We showed in Rally Advanced for the first time today. Not only did he get his first leg he placed first! He did very well off leash for his first time! In addition to his blue ribbon we got a nice coffee mug with the club's logo on it. 

I was to have shown both days but with Max's health I opted out yesterday and just went today.

The club that hosted the trail is the same club I earned my very first Novice leg on my old bridge girl, Lucky. I entered our very first ever obed trial and we palced first and earned high in trial at this same show 17 years ago. We of course left Oklahoma, moved to Kentucky and then the Oregon and just recently moved back to Oklahoma. It was pretty nostalgic going back to that show sight 17 years later. It is in the same place and I stood right by the ring Lucky earned her first Q in. Even odder, I have never gotten another first place in Obedience since Lucky. Kayos took lots of red ribbons but we always got edged by a point for blue.
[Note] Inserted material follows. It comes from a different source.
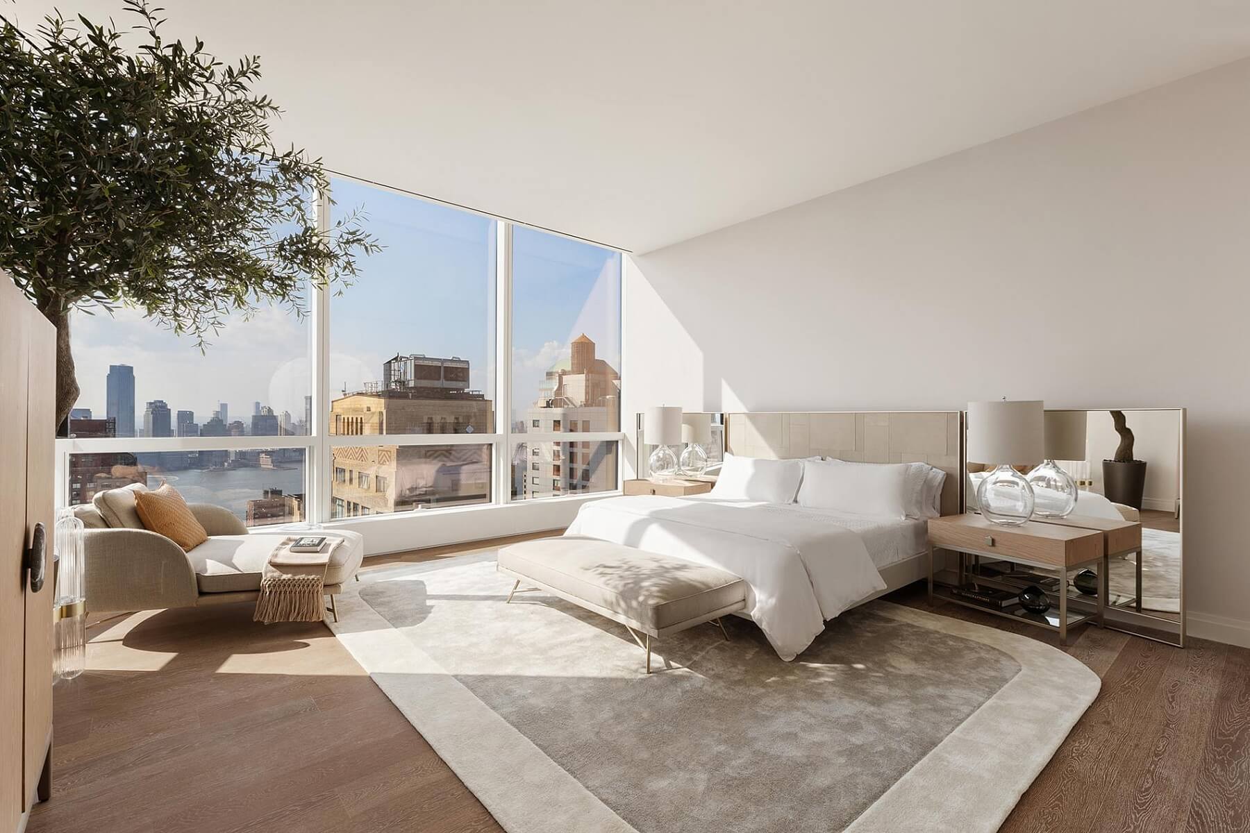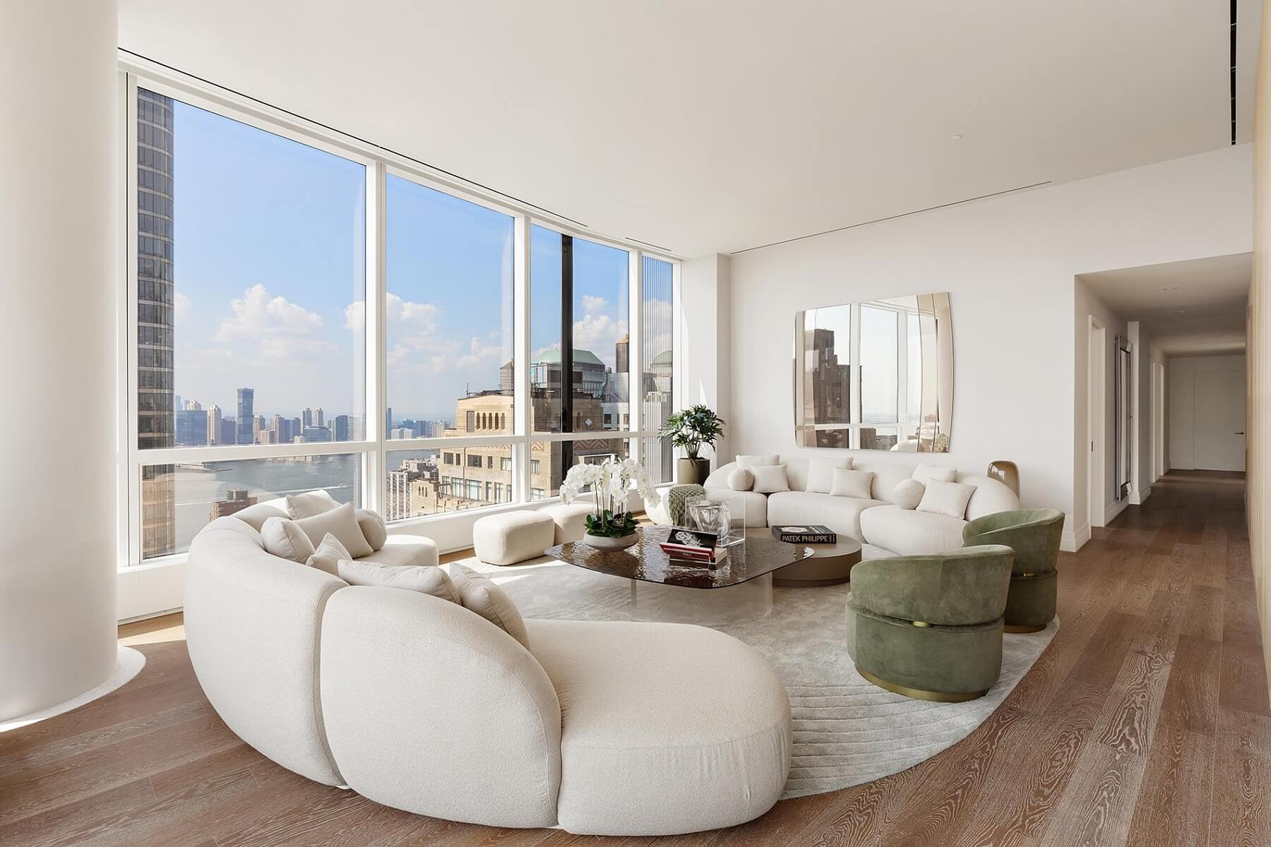 Floor-to-ceiling glass walls flood the interior with natural light and frame breathtaking panoramic views, while the magnificent 3.6-meter ceilings enhance the sense of openness. The environmentally certified residence, with its shimmering glass façade, rises 150 meters above Manhattan. Residents enjoy access to an exclusive top-floor club with 360-degree views, a fireplace, fitness center, private dining room, and children’s playroom, as well as a Zen garden and a dog run on the 12th floor.

I a proud of Havoc and obviously Tyler, Texas is good to us.


----------



## FourIsCompany (Jan 29, 2008)

Congratulations to you and Havoc! Well-done!


----------



## agilegsds (Dec 31, 2003)

Congratulations Kathy!









And we need to see some new pics of Havoc.


----------



## GSD07 (Feb 23, 2007)

Congrats Kathy and Havoc!! I think there are some places that have special energy that brings luck to certain people. Maybe, for you it's Oklahoma?


----------



## Amaruq (Aug 29, 2001)

Great job for both of you!


----------



## Kayos and Havoc (Oct 17, 2002)

> Originally Posted By: GSD07Congrats Kathy and Havoc!! I think there are some places that have special energy that brings luck to certain people. Maybe, for you it's Oklahoma?


I have to chuckle at that Oksana. There is lots of energy here..... hot and humid!!!









But you know, Oklahoma has always been good to me and it is - after a fashion - home for us as we have spent so many years here in the past. 

We don't plan on retiring here tho. It will be the Pac NW for us.


----------



## Cassidy's Mom (Mar 30, 2003)

Great job!!!


----------



## Kayla's Dad (Jul 2, 2007)

Way to go you two!


----------



## mjbgsd (Jun 29, 2004)

That is awesome, go Kathy and Havoc!


----------



## BowWowMeow (May 7, 2007)

Congratulations Kathy! Go Havoc!


----------



## Lynn_P (Mar 17, 2004)

That's GREAT news.. Congratulations Havoc & Kathy!


----------



## wolfstraum (May 2, 2003)

Yea























Way to go Havoc!

Lee


----------



## Barb E (Jun 6, 2004)

Congratulations!!!


----------



## GSDBESTK9 (Mar 26, 2002)




----------



## Deejays_Owner (Oct 5, 2005)

Kathy!!!


----------



## TRITON (May 10, 2005)

WTG you guys!


----------